201: The comparison, both experimental and theoretical, among a number
202: of techniques including our tree-based methods (3LT and 4LT) for
203: estimating range queries {\em inside} a bucket is reported in
204: Section \ref{sec-Estimation}. Therein, 3LT and 4LT are also
205: presented. From this analysis it results that 4LT has the best
206: performances in terms of accuracy. Thus, 4LT can be combined to
207: every bucked-based histogram for increasing its accuracy. Section
208: \ref{sec-Improved} presents a large set of experiments, conducted
209: by applying 4LT to two, well-known methods, {\em MaxDiff} and {\em
210: V-Optimal} \protect\cite{Poosala96Improved}. Results show high
211: improvements in the estimation of range queries w.r.t. to the
212: original methods --- of course, the comparisons are made at parity
213: of storage consumption so that the revised methods use less
214: buckets to compensate the additional storage for the 4LT indices.

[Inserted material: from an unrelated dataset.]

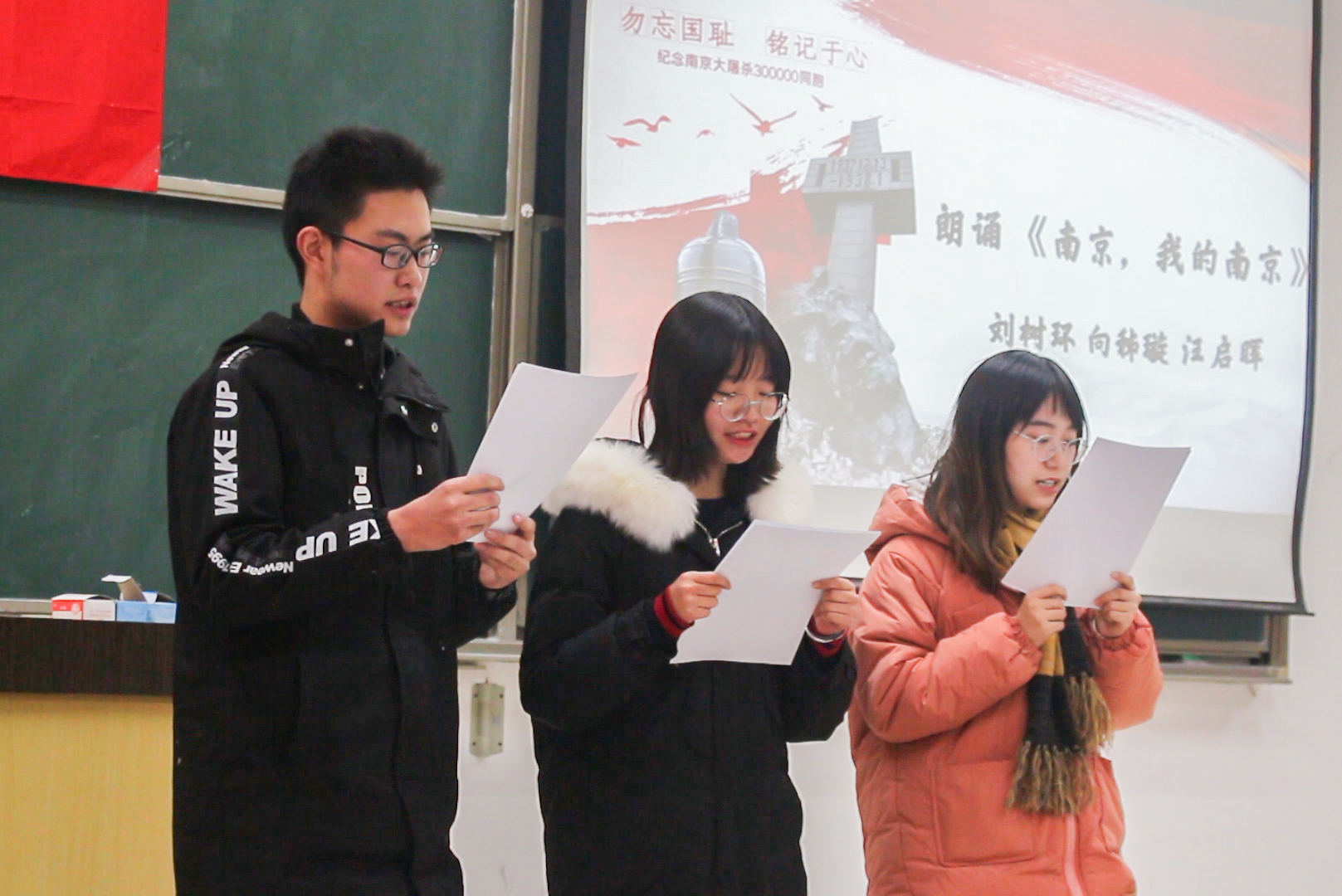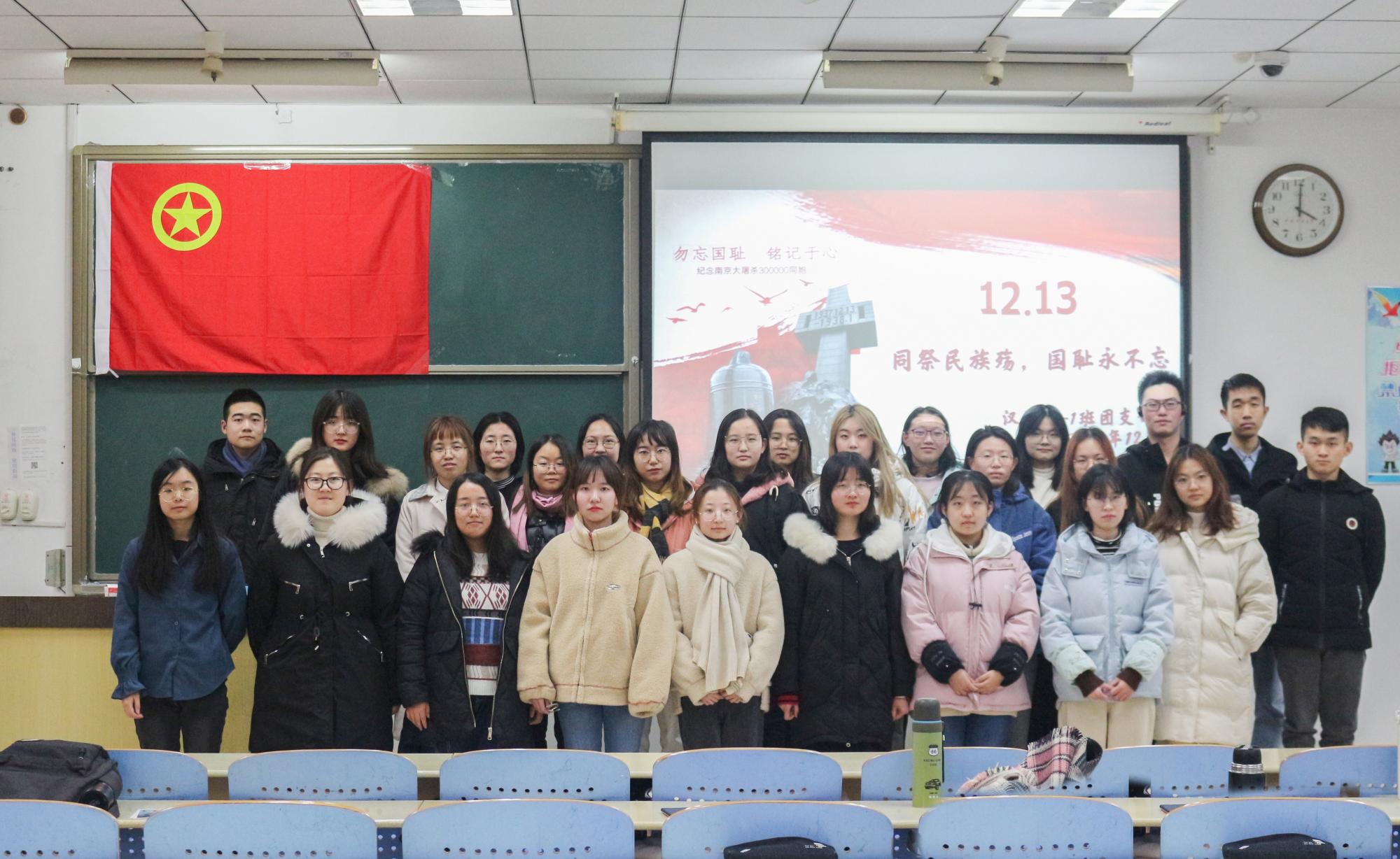 首先,全体同学观看了12月13日上午十时零一的南京街头默哀视频并观看了南京大屠杀历史资料视频,之后由刘振乾分享参观侵华日军南京大屠杀遇难同胞纪念馆的感受,他介绍了雕塑——“家破人亡”,并讲述参观者留言册的故事。接下来八组的成员分享自己对于南京大屠杀死难者国家公祭日的感想,殷懿蕃说:“我们不能忘记历史,我们要将那段屈辱的历史警示传达给每一代。”忘记历史就意味着背叛,而铭记不等于永远仇恨,正如杨欣然的发言:“国家公祭日的设立不仅是对死难同胞的缅怀纪念,对死难者家属微薄的慰藉,更是为了让施暴者和受害者反思历史、铭记历史;尊重生命、敬畏生命;珍视和平、维护和平。”曾经走过的苦难,最终都会成为中华民族前进的力量。其次,七组的刘树环、向秭璇和汪启晖朗诵了《南京,我的南京》,然后全体同学起立,同默哀视频一起,向南京大屠杀死难者和所有在日本帝国主义侵华战争期间惨遭日本侵略者杀戮的死难同胞致哀。最后,刘振乾总结道:军事法庭早已对南京大屠杀惨案作出定性和定论,是非曲直,昭然具在,铁证如山,不容篡改。我们反对战争、反对军国主义、法西斯主义,而不要阻碍中日人民之间的友谊。历经战争磨难的中国人民更加懂得和平的珍贵,我们坚信,“正义必胜,和平必胜,人民必胜”。

215: The 4LT technique provides good results also when combined with
216: the very simple method {\em EquiSplit}, which consists in dividing
217: the histogram value domain into buckets of the same size so that
218: the bucket boundaries need not to be stored, thus obtaining a very
219: high number of buckets at the same compression rate. We draw our
220: conclusions in Section \ref{sec-Conclusion}.
221:
222:
223:
224:
225:
226:
227: \section{Basic Definitions}\label{sec-preliminary}
228:
229: Given a relation $R$ and an attribute $X$ of $R$, a histogram for $R$ on
230: $X$ is constructed as follows. Let $\U = \{u_1, ... , u_m\}$ be
231: the set of all possible values (the {\em domain}) of $X$ and let
232: $u_i < u_{i+1}$, for each $i$, $1 \leq i <m$. The {\em frequency
233: set} for $X$ is the set $\F =\{f(u_1), ... , f(u_m) \} $ such that
234: for each $i$, $1 \leq i \leq m$, $f(u_i)$ is the number of
235: occurrences of the attribute value $u_i$ in the relation $R$. The
236: {\em cumulative frequency set} $\S =\{s_1, ... , s_m \}$ contains
237: the value $s_i = \sum_{j=1}^i f(u_j)$ for each attribute value
238: $u_i$. The {\em value set} $V=$ $\{u_i \in \U \ | \ f(u_i) > 0 \}$
239: is the active domain of $X$ in $R$ as it consists of all attribute
240: values actually occurring in the relation $R$ ({\em non-null
241: values}). Given any $u_i$ in $V$, the {\em spread} $d_i$ of $u_i
242: \in V$ for $1 \leq i < n$ is defined as 1 if $u_i$ is the last
243: non-null value or otherwise as the difference $u_j - u_{i}$, where
244: $u_{j}$ is the first non-null value for which $u_j > u_i$ (i.e.,
245: $d_i$ is the distance from $u_i$ to the next non-null value).
246:
247: A {\em bucket} $B$ for $R$ on $X$ is a 4-tuple $\langle inf, sup,
248: t, c \rangle$, where $u_{inf}$ and $u_{sup}$, $1 \leq inf \leq sup
249: \leq m$, are the boundaries of the domain range pertaining to the
250: bucket, $t$ is the number of non-null values occurring in the
251: range, and $c = \sum_{i=inf}^{sup} f(u_i)$ is the sum of
252: frequencies of all values in the range.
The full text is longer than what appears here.